There have been a few areas of teaching that I would like to change and will consider that for next year. Some people have been surprised that I am becoming a chartered teacher, some are encouraging, some are unsure about the value of CT. But I would like to use my enhanced skills to support colleagues to enhance their practice."

* Sheena Dunlop, Winton primary, North Ayrshire, has taken the APL route and is now working on a doctorate in education at Stirling University "It has made a huge difference to me as a teacher. Critical reflection has been one of the big issues: it has made me much more conscious of what I teach and how I teach and the implications that has for the children. I just see the day-to-day impact. My colleagues are not really bothered about my becoming a CT. Some of the younger teachers coming into teaching are showing a greater interest. I would like to see more CTs because there are massive benefits for developing learning communities instead of individual people working on their own. Being a mentor for probationers would be a useful role as well, because we have been looking at ourselves and reflecting on our practice and that is what they have to do."
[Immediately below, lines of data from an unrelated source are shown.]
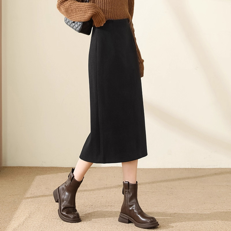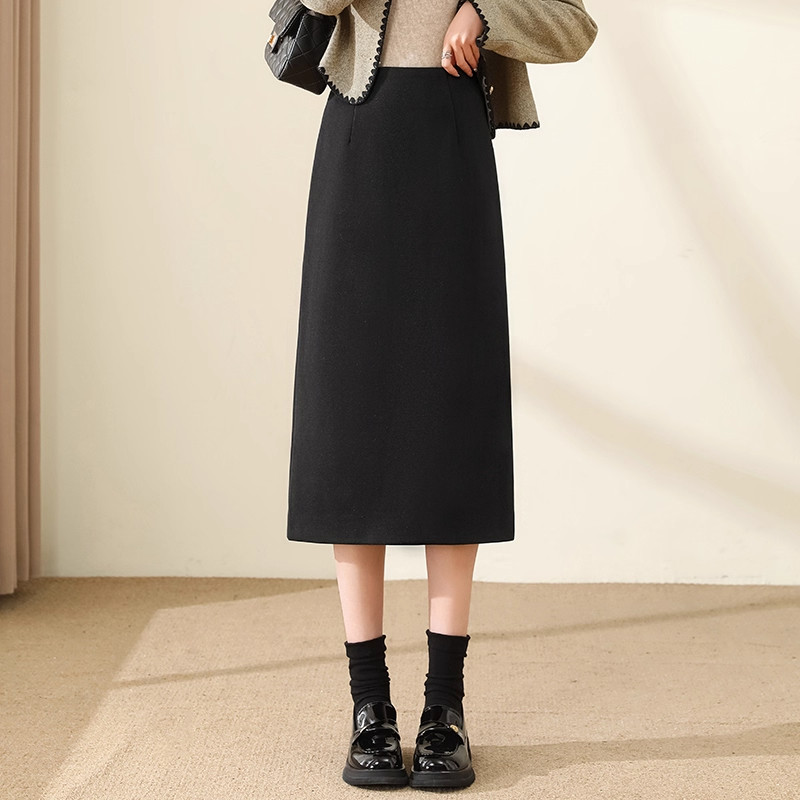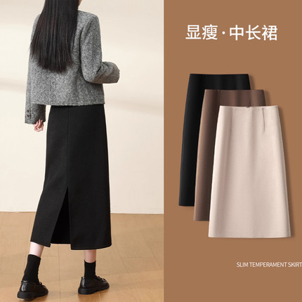 黑色毛呢半身裙女秋冬2025新款直筒冬裙气质小个子中长包臀a字裙
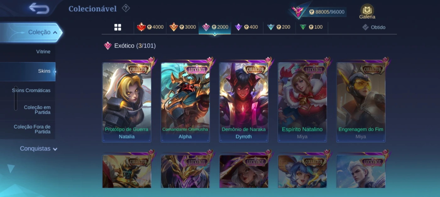 - Skins Collector: Dyrroth (Demônio de Naraka), Natalia (Protótipo de Guerra).
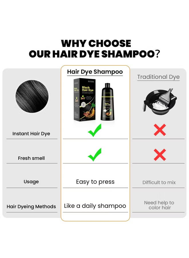 Achieve a stunning natural black hair color effortlessly with our Natural Black Dyeing Shampoo! 🌟 Formulated with natural extracts, this shampoo effectively dyes your hair in minutes, giving you a charming and natural look. Simply apply to dry hair from roots to tips, wait 10-15 minutes, and rinse for beautiful results! ✨
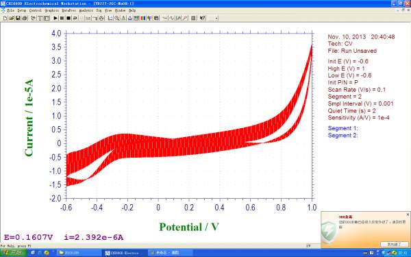 【求助】用CHI660B测循环伏安曲线,总是一条直线
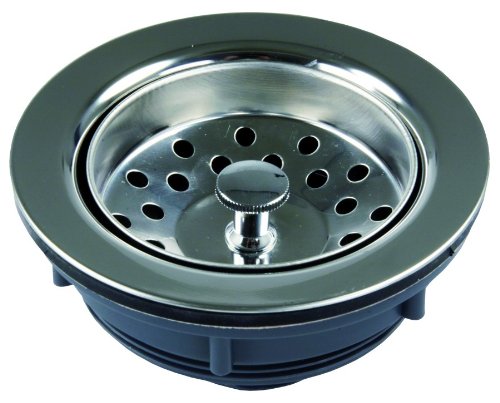 Large strainer and push-in basket. Fits any 3 1/2" to 4" sink opening. Constructed of durable plastic Includes strainer, rubber washer, and locknut.
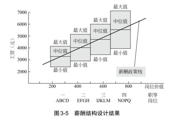 也可以等差設計。一般,等比設計級差為 5%~ 10%,等差設計根據企業(yè)薪酬策略可以分為 5~ 10級。薪酬結構設計結果如圖 3-5所示。

* Barbara Stewart, Boclair Academy, Bearsden, is having her CT claim considered by the GTC next week

"It has changed the fact that I can justify what I do. I did mind-maps before anyone gave them a name, but now I can justify things in theory. I can stand up at a meeting and say: 'We should be doing this because . . .'

It's given me the power of justification. At the moment, I don't feel our enhanced skills are being used as much as they could be. I have made a place for myself within my own school and defined my own remit. I would like to see myself becoming involved in more initiatives and the training of younger staff."
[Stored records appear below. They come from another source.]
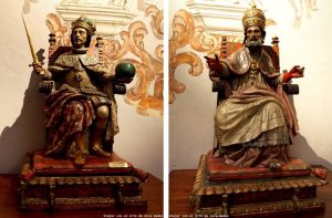 La Iglesia es única en Sevilla, mientras en el resto prima el retablo y la talla, aquí vemos una capilla conde prima el fresco y la pintura sobre otras artes. Está consagrada a San Pedro y San Fernando. Los frescos de paredes y cubierta recrean escenas en espacios ilusorios, marcando la teatralidad del barroco a base de trampantojos que engañan a los visitantes. El diseño de las obras fue debido a Juan de Valdés Leal, siendo su hijo Lucas Valdés el artífice de su realización.
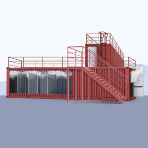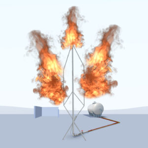 Estructura metálica de 4 metros donde se simula una fuga de gas, generando un fuego de clase C de gran dimensión. En este módulo se practica el desplazamiento coordinado de la brigada contraincendios, con mangueras y pantalla de protección, para poder extinguir el fuego mediante el cierre de la válvula, por eliminación del combustible.
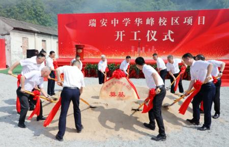 瑞安市领导秦肖、应希克、施巨耀、李辅正等,以及华峰集团董事局主席尤小平、总裁林建一,瑞安中学校长王安国等出席开工仪式,并共同为项目开工建设培土奠基。
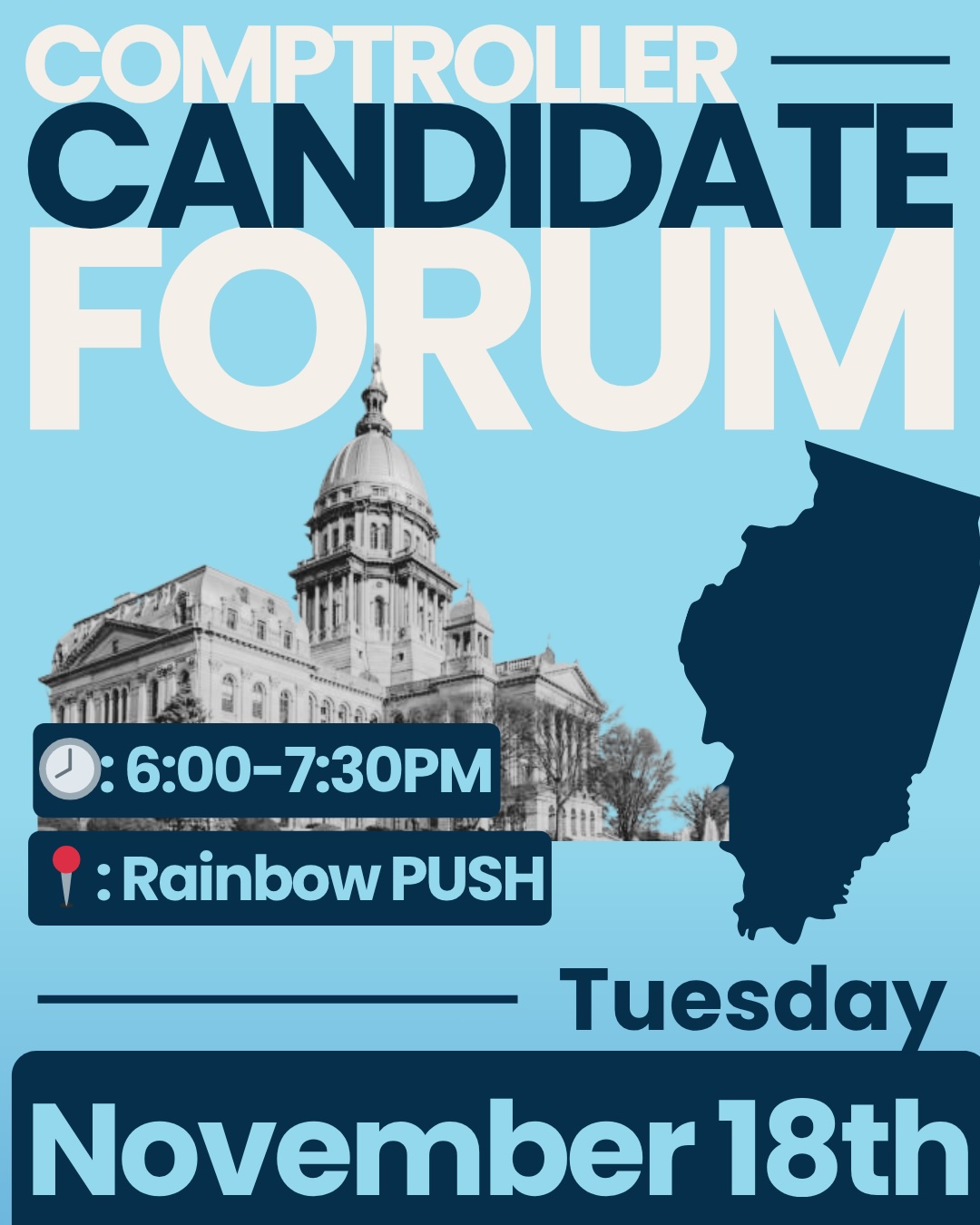 You are invited to join us for an important Comptroller Candidate Forum on Tuesday, November 18th from 6:00–7:30 PM at the Rainbow PUSH Coalition.
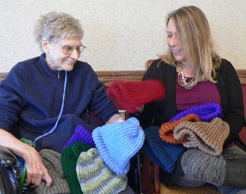 Photo 2 – St. Luke Resident Stephaine with Daun Whittaker Victory Transforamtion Knitting Hats For The Homeless 1-19LR
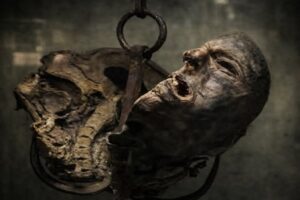 Hay dos versiones, y las dos son igual de inquietantes. Una dice que los que acompañaban al viejo en su último paseo reían a carcajadas, para disimular, para hacer el rito más llevadero, vaya usted a saber. La otra es más retorcida: les daban una planta tóxica que deformaba la cara en una mueca parecida a una sonrisa. Así que el pobre anciano se iba al otro barrio con la cara partida en dos como si le acabaran de contar un chiste malo. De ahí nació lo de la «risa sardónica»: una sonrisa que no es sonrisa, sino un espasmo de la muerte.

* Glenn Harrison, Baltasound Junior Secondary, Shetland, is a chartered teacher, based on a full APL

"I have been forced to face up to myself as a classroom practitioner and to evaluate myself. It took me to a scary place because sometimes I didn't like looking at my own failings. It has helped me to be self-critical and make use of self-criticism to sharpen up my practice in the classroom. I am struggling at the moment over where I fit into the school and the school may be struggling in terms of 'what do we do with this man?' But I volunteered this year to mentor a probationer teacher and three more are coming in. I do feel more valued in the school. People will say to me:

'What do you think, what's your view of this?' Before I was just another member of staff. I feel like the phoenix has risen and I have been reborn.

I enjoy work because I am putting more into it - I don't want to retire."
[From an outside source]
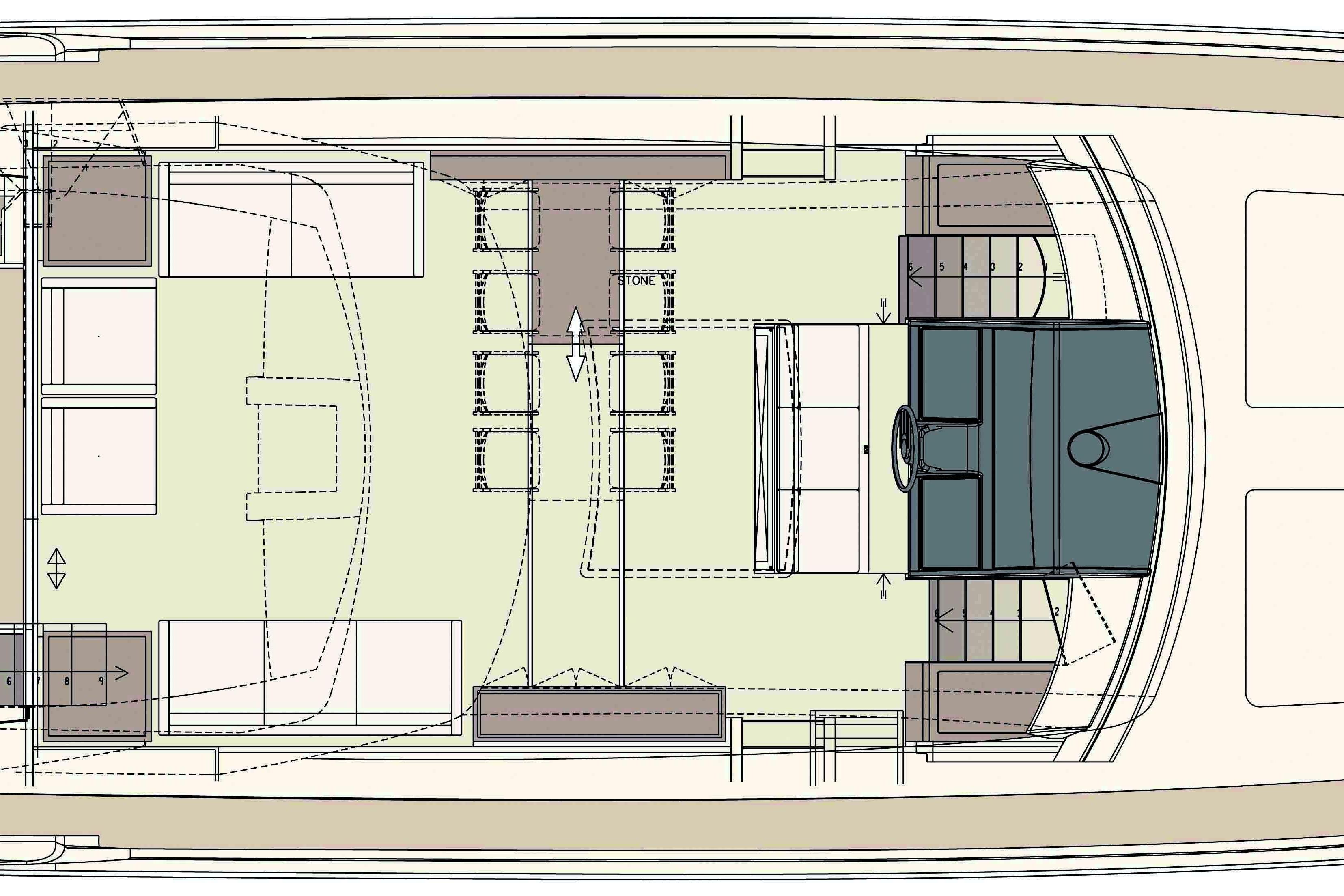 Deck:Ā New custom teak tables by YRM; all-new exterior upholstery by Admiral Canvas (Horizon Capriccio/Sunbrella); new Izerwaren gas shocks on all hatches. Feb 2026 Teak Replacement on over 50% of exterior surfaces.Ā

* Gisela Cumming, Kilchuimen Academy, Fort Augustus, gained CT status through Aberdeen University

"I have more sympathy for how children learn because I have been in a learner's position. I believe in lifelong learning and, having experienced this myself, what I want to see is the children who are already working for their exams also learning for life. I would like to be involved in discussion about educational policy at the school because I think I now have something to give which perhaps was not the case previously."